■ **PROBLEM DESCRIPTION**:
Leaving the pictures out, print the lines from the first line of the listing through the line containing "В гости к ребятам", exactly as they read, and no others.

■ **RAW DATA**:
**********

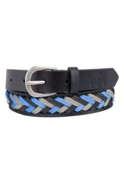 Der Flechtgürtel ist mit einem schwarzen Leder, einer silbernen Schnalle sowie einem geprägten Logo ausgestattet.
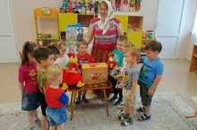 В гости к ребятам пришла бабушка Сказочница с волшебным сундучком сказок. Она рассказала малышам о детстве поэта, о людях, которые окружали его и оказали большое влияние на творчество поэта.
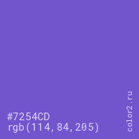 Цвет #7254CD в цветовой модели RGB обозначается тремя октетами (114, 84, 205) в десятичном формате и #7254CD в шестнадцатиричном (hex) формате, которые являются интенсивностью красного 114 (hex 72), интенсивность зелёного 84 (hex 54) и интенсивность синего 205 (hex CD).
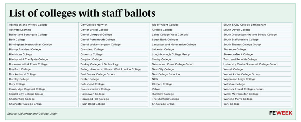 This total has decreased as active negotiations on pay and conditions are ongoing between UCU branches and college leaders, FE Week understands.

**********

■ **OUTPUT OF THE EXERCISE**:
 Der Flechtgürtel ist mit einem schwarzen Leder, einer silbernen Schnalle sowie einem geprägten Logo ausgestattet.
 В гости к ребятам пришла бабушка Сказочница с волшебным сундучком сказок. Она рассказала малышам о детстве поэта, о людях, которые окружали его и оказали большое влияние на творчество поэта.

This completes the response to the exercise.